Current wireless sensors transmit data at a maximum rate of one
megabit per second. Because of the limited data rate, existing
wireless ultrasound sensor configurations process the data onboard
and then transmit only the feature information. Onboard processing,
however, consumes large amounts of power and is limited by the
capability of the embedded microprocessor.

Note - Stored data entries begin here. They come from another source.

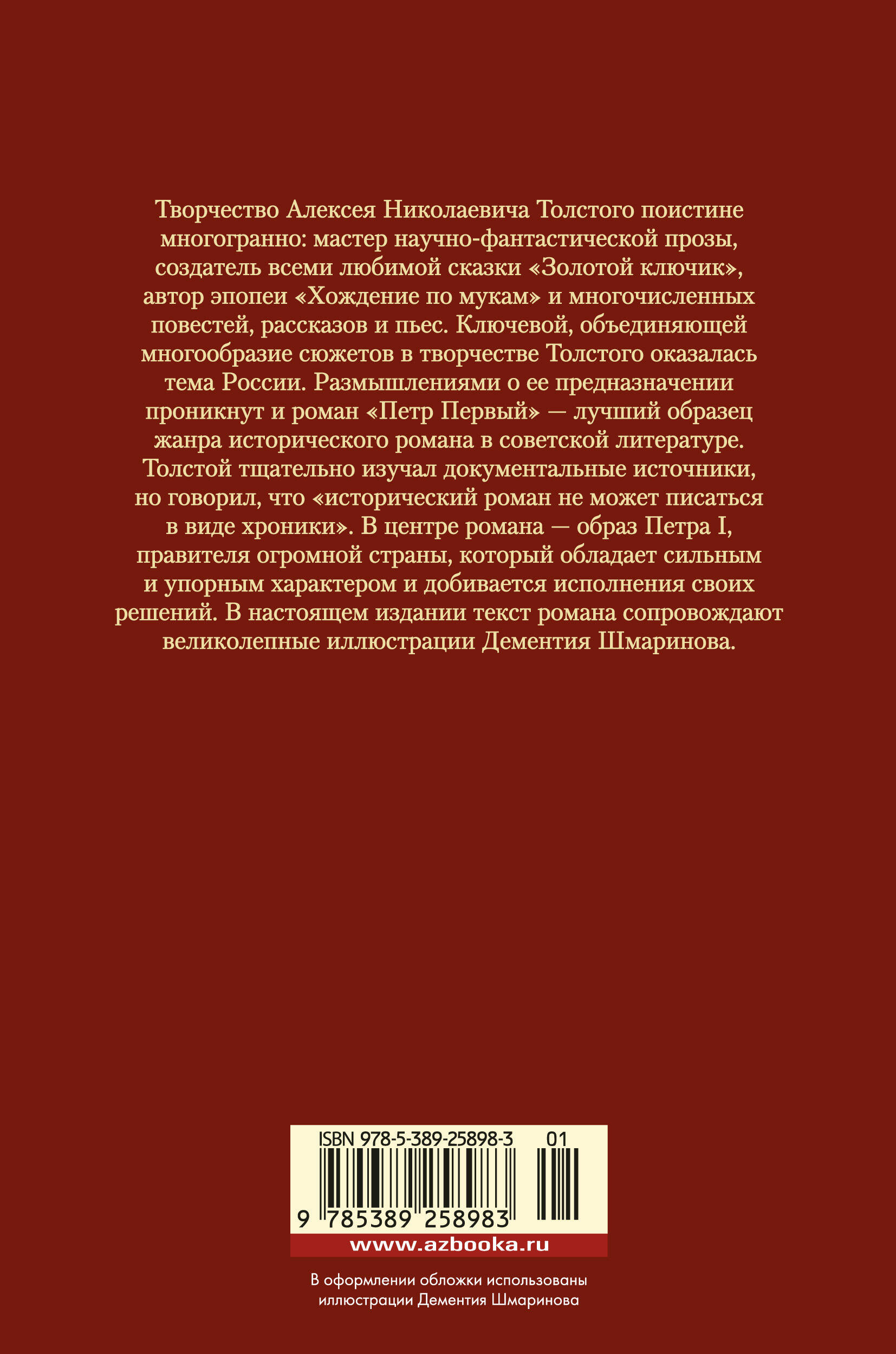 Творчество Алексея Николаевича Толстого поистине многогранно: мастер научно-фантастической прозы, создатель всеми любимой сказки "Золотой ключик", автор эпопеи "Хождение по мукам" и многочисленных повестей, рассказов и пьес. Ключевой, объединяющей многообразие сюжетов в творчестве Толстого оказалась тема России. Размышлениями о ее предназначении проникнут и роман "Петр Первый" — лучший образец жанра исторического романа в советской литературе. Толстой тщательно изучал документальные источники, но говорил, что "исторический роман не может писаться в виде хроники". В центре романа — образ Петра I, правителя огромной страны, который обладает сильным и упорным характером и добивается исполнения своих решений. В настоящем издании текст романа сопровождают великолепные иллюстрации Дементия Шмаринова.
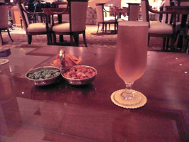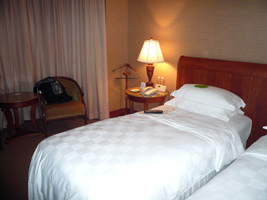 | 到着は夜です。ホテルはSheraton Towers Singapore。Newton駅近くですな。予約で2 Bedで喫煙を予約しているのに無いときやがる。散々探して貰って部屋に行くとでかいベッドが一つ。ベルと笑いながら代えてもらうが無いらしい。しょうがないので「禁煙ルーム」になりました。全く問題なし。 やりかけた仕事があるのでバーでビールを飲みながらiBookG4。 |
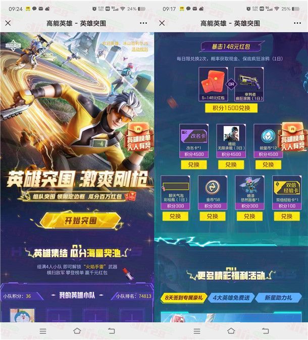参加高能英雄举办的组队突围瓜分百万红包活动,通过打开微信和手机QQ进去活动里,不组队也可以,只要在突围小游戏中捡金币就行(打怪得到的金币很少),累积得到1500金币可以兑换抽奖1次,有机会中到5-148元微信红包、5-148个Q币,微信是抽红包、QQ是抽Q币,非必中。
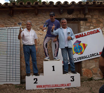 Las demás ya se habían realizado en ediciones anteriores, por lo que fueron modificadas, con un marcaje muy acertado según la opinión de los pilotos participantes. Clásicos En el recuento de la primera vuelta ya se advertía una dura lucha en las categorías de clásicos con Toni Sansó con 5 puntos y Rafa Ruiz y Manuel Morales empatados a 6 puntos. Aunque el ibicenco Rafa Ruiz ya era matemáticamente el campeón de Baleares de esta categoría, no dudó en desplazarse hasta Mallorca para finalizar el campeonato en una brillante tercera posición con 18 puntos seguido de de Manuel Morales con 16 y Toni Sansó con 12. Trialeros En la categoría de Trialeros, Xim Forteza y Agustín Roldán se disputaban el segundo y tercer puesto del "cajón" empatados a puntos (18), ganando Agustín Roldán con 12 ceros por diez de su contrincante y amigo Xim.

[0006] Condition monitoring and damage detection using strain
gauges is also a popular and useful non-destructive inspection
technique. Strain is a physical parameter that can be used to
detect and measure material conditions such as deformation, load,
boundary, pressure, vibration, and fatigue. Like ultrasound
monitoring, strain measurement is a useful tool for monitoring
materials and structures of all sizes. Traditionally, strains are
measured using wired, thin-foil strain gauges, which offer a
reliable, versatile, practical, and inexpensive solution. For
larger machines and structures, however, distributing a large
number of sensors across a wide area is important for gathering
data about the entire structure's integrity. The burden of wiring a
set of strain gauges imposes huge installation and maintenance
costs.
[0007] Wireless strain gauges typically require a local power
source, such as a battery. Because of the high power consumption of
the wireless radio transceiver and the low energy density of
batteries, powered wireless sensors can only be operated
intermittently with a large duty cycle. Conventional thin-foil
strain gauges are not suitable for unpowered wireless sensors
because they require an excitation voltage and consume relatively
high power.
[0008] The numerous limitations of existing wireless sensors are a
serious limiting factor on the ability to install and maintain
large networks of sensors to monitor and detect the condition of
critical structures.
SUMMARY
[0009] A wireless sensor system in various embodiments includes an
unpowered sensor node and a remote signal generator. The sensor
node includes: (1) a sensor that is in physical communication with
an element under investigation in order to sense a condition of the
element, wherein the sensor generates an input signal related to
the condition; (2) a first antenna for receiving a first
interrogation signal from a signal generator located remote from
the sensor node; (3) an up-converting frequency mixer that is in
communication with the sensor and configured to combine the input
signal and the first interrogation signal and thereby generate a
modulated output signal; and (4) a second antenna for transmitting
the modulated output signal from the up-converting frequency
mixer.
BRIEF DESCRIPTION OF THE DRAWING
[0010] Having thus described various embodiments in general terms,
reference will now be made to the accompanying drawings, which are
not necessarily drawn to scale, and wherein:
[0011] FIG. 1 is a schematic illustration of a wireless sensor
node, according to various embodiments.
[0012] FIG. 2 is a schematic illustration of a wireless sensor
system that includes a sensor interrogation unit and the sensor
node of FIG. 1.
[0013] FIG. 3 is a schematic illustration of a wireless sensor node
that includes a sensor that generates a non-oscillatory signal and
an energy harvester for collecting power, according to a second
embodiment.
[0014] FIG. 4 is a schematic illustration of a wireless sensor
system that includes a sensor interrogation unit and the sensor
node of FIG. 3.
[0015] FIG. 5 is a circuit diagram of a sensing unit, according to
various embodiments.
[0016] FIG. 6 is a circuit diagram of a photocell-based energy
harvester, according to various embodiments.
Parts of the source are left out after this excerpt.